#### [THE PROBLEM]
In the records below, find the line with "The R8 Revolver", then retype it and every following line exactly, stopping after the line with "Fidya is required". Leave the pictures out.

#### [AVAILABLE DATA]
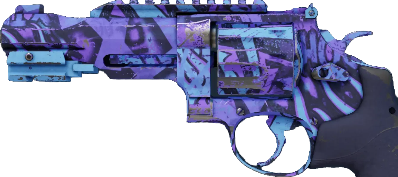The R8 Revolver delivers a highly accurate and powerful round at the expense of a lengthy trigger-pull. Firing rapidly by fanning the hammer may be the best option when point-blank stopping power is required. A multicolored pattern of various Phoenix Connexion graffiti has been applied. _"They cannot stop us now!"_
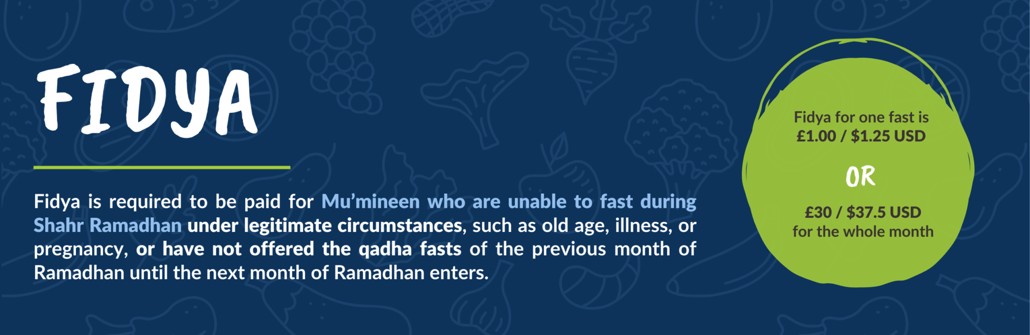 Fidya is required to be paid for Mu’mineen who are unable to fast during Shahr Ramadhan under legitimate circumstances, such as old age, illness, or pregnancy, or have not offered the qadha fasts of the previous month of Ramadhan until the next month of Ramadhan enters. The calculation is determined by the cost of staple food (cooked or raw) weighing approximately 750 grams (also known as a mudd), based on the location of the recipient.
==
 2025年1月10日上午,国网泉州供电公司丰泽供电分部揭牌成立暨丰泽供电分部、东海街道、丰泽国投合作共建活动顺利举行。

#### [RESPONSE TO THIS TASK]
The R8 Revolver delivers a highly accurate and powerful round at the expense of a lengthy trigger-pull. Firing rapidly by fanning the hammer may be the best option when point-blank stopping power is required. A multicolored pattern of various Phoenix Connexion graffiti has been applied. _"They cannot stop us now!"_
 Fidya is required to be paid for Mu’mineen who are unable to fast during Shahr Ramadhan under legitimate circumstances, such as old age, illness, or pregnancy, or have not offered the qadha fasts of the previous month of Ramadhan until the next month of Ramadhan enters. The calculation is determined by the cost of staple food (cooked or raw) weighing approximately 750 grams (also known as a mudd), based on the location of the recipient.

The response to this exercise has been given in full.